TASK ITEM → Leaving the pictures aside, return the listing exactly as it appears.

MATERIAL SUPPLIED →
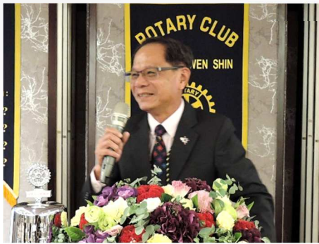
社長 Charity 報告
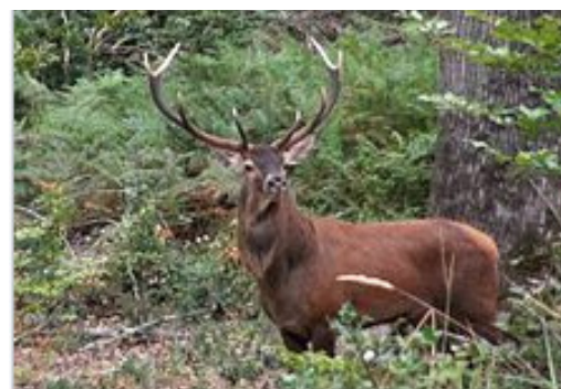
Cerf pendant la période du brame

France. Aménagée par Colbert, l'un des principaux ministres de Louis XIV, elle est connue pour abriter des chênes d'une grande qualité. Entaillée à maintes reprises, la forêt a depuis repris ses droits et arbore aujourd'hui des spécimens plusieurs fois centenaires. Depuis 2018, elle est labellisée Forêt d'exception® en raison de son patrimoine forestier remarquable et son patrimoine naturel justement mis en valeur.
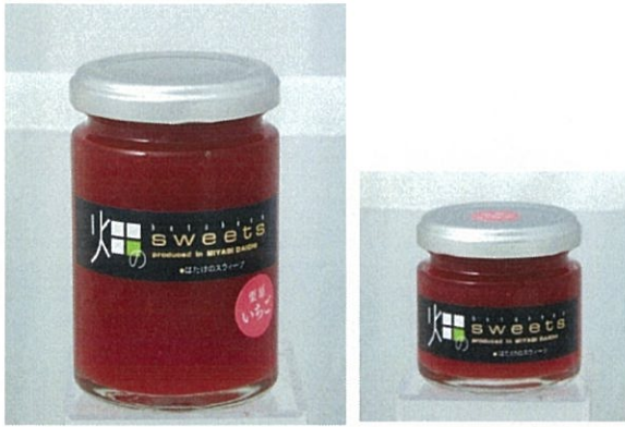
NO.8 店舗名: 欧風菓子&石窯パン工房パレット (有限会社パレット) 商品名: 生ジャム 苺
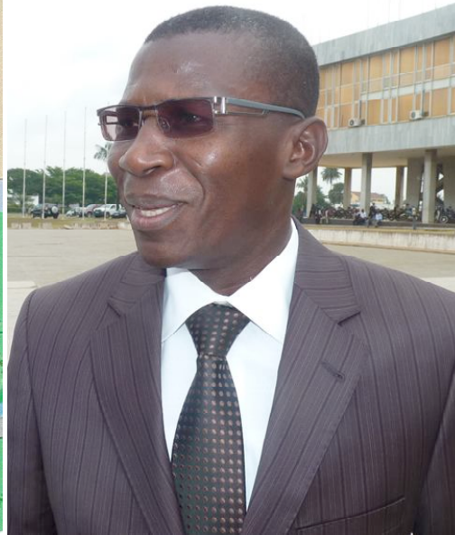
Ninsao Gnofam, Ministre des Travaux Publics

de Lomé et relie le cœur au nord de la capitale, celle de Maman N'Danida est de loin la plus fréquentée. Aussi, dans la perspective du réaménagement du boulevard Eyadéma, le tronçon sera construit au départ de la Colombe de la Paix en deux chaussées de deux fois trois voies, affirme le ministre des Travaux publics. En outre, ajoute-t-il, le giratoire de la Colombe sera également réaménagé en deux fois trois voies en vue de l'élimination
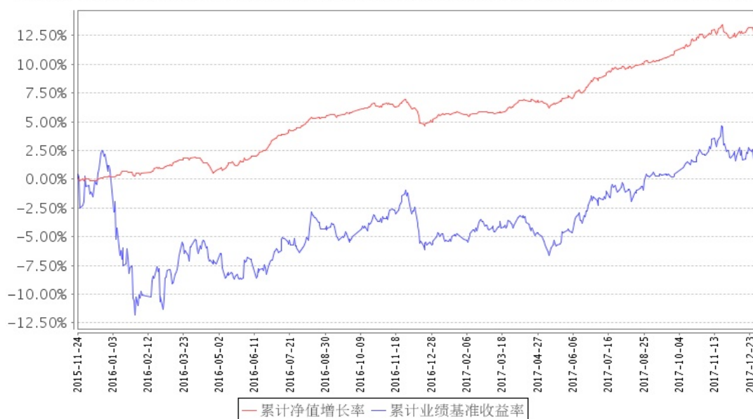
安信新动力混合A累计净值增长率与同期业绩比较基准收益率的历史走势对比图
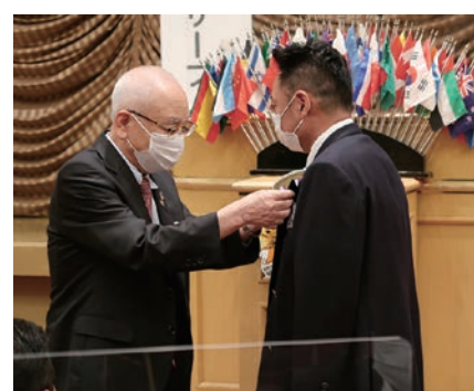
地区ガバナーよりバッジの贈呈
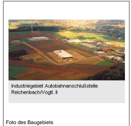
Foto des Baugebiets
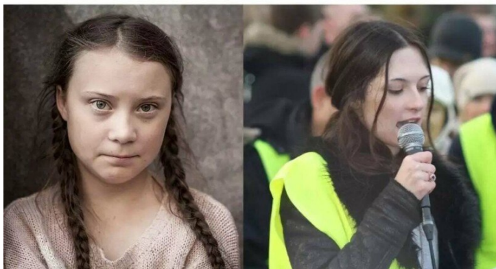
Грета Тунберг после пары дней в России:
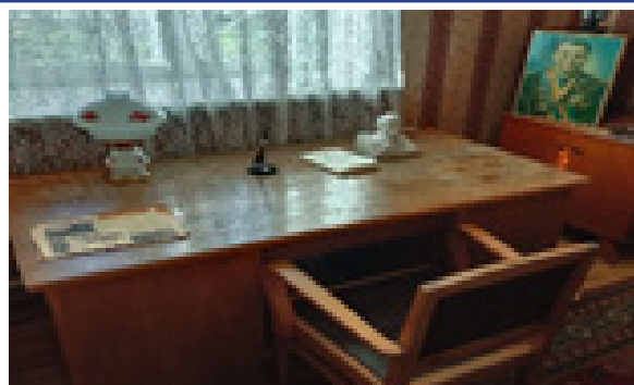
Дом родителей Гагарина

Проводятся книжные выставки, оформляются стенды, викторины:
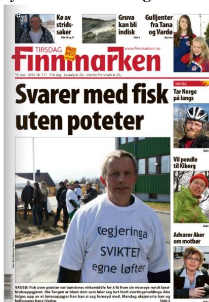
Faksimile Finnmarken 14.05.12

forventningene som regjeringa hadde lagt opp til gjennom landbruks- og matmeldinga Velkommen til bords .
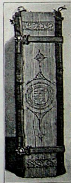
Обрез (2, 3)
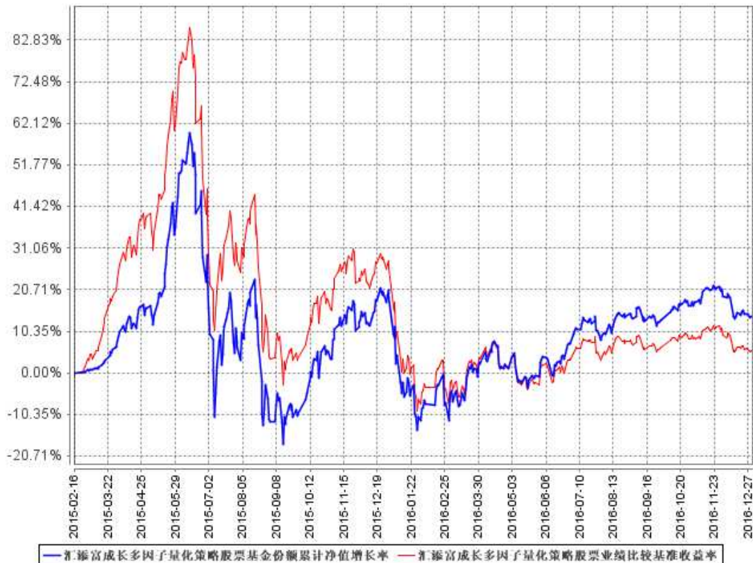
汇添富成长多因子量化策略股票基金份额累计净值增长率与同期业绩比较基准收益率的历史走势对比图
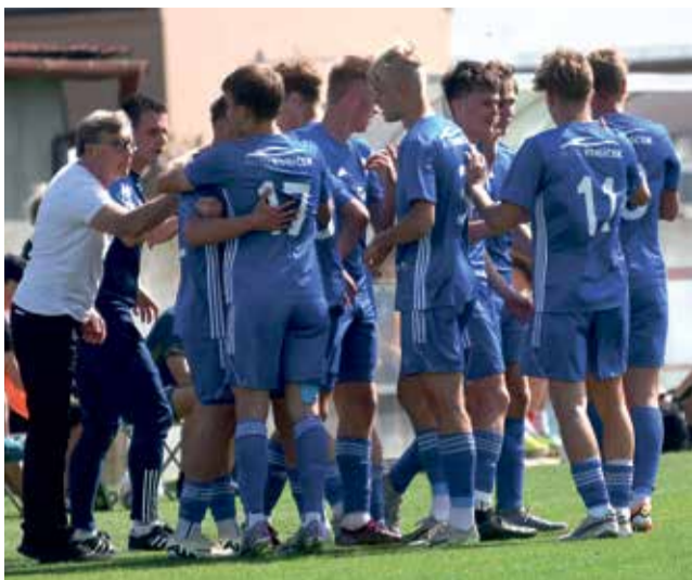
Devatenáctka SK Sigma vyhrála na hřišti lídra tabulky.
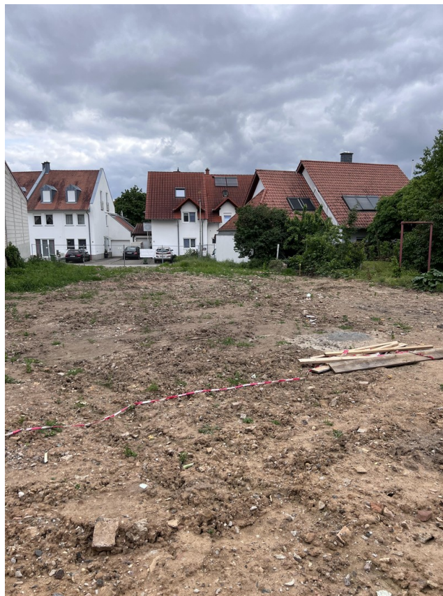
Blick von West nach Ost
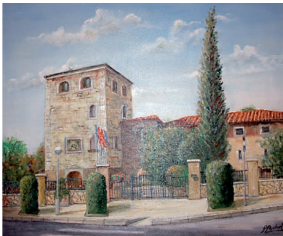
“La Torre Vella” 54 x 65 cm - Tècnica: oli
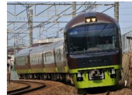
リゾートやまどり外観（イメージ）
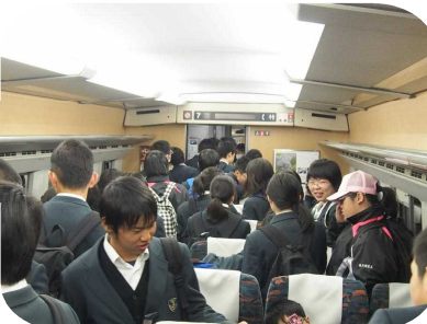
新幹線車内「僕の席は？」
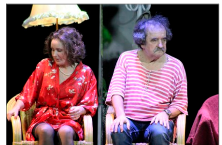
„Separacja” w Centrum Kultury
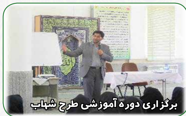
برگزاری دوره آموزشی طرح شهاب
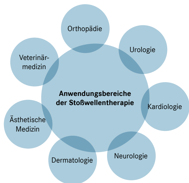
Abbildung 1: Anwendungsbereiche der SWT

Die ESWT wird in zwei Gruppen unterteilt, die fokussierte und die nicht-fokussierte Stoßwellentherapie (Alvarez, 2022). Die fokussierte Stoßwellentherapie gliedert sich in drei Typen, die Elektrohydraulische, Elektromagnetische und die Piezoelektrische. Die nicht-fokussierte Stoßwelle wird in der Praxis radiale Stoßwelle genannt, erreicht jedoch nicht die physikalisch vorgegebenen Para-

ANSWER SECTION →
社長 Charity 報告
Cerf pendant la période du brame

France. Aménagée par Colbert, l'un des principaux ministres de Louis XIV, elle est connue pour abriter des chênes d'une grande qualité. Entaillée à maintes reprises, la forêt a depuis repris ses droits et arbore aujourd'hui des spécimens plusieurs fois centenaires. Depuis 2018, elle est labellisée Forêt d'exception® en raison de son patrimoine forestier remarquable et son patrimoine naturel justement mis en valeur.
NO.8 店舗名: 欧風菓子&石窯パン工房パレット (有限会社パレット) 商品名: 生ジャム 苺
Ninsao Gnofam, Ministre des Travaux Publics

de Lomé et relie le cœur au nord de la capitale, celle de Maman N'Danida est de loin la plus fréquentée. Aussi, dans la perspective du réaménagement du boulevard Eyadéma, le tronçon sera construit au départ de la Colombe de la Paix en deux chaussées de deux fois trois voies, affirme le ministre des Travaux publics. En outre, ajoute-t-il, le giratoire de la Colombe sera également réaménagé en deux fois trois voies en vue de l'élimination
安信新动力混合A累计净值增长率与同期业绩比较基准收益率的历史走势对比图
地区ガバナーよりバッジの贈呈
Foto des Baugebiets
Грета Тунберг после пары дней в России:
Дом родителей Гагарина

Проводятся книжные выставки, оформляются стенды, викторины:
Faksimile Finnmarken 14.05.12

forventningene som regjeringa hadde lagt opp til gjennom landbruks- og matmeldinga Velkommen til bords .
Обрез (2, 3)
汇添富成长多因子量化策略股票基金份额累计净值增长率与同期业绩比较基准收益率的历史走势对比图
Devatenáctka SK Sigma vyhrála na hřišti lídra tabulky.
Blick von West nach Ost
“La Torre Vella” 54 x 65 cm - Tècnica: oli
リゾートやまどり外観（イメージ）
新幹線車内「僕の席は？」
„Separacja” w Centrum Kultury
برگزاری دوره آموزشی طرح شهاب
Abbildung 1: Anwendungsbereiche der SWT

Die ESWT wird in zwei Gruppen unterteilt, die fokussierte und die nicht-fokussierte Stoßwellentherapie (Alvarez, 2022). Die fokussierte Stoßwellentherapie gliedert sich in drei Typen, die Elektrohydraulische, Elektromagnetische und die Piezoelektrische. Die nicht-fokussierte Stoßwelle wird in der Praxis radiale Stoßwelle genannt, erreicht jedoch nicht die physikalisch vorgegebenen Para-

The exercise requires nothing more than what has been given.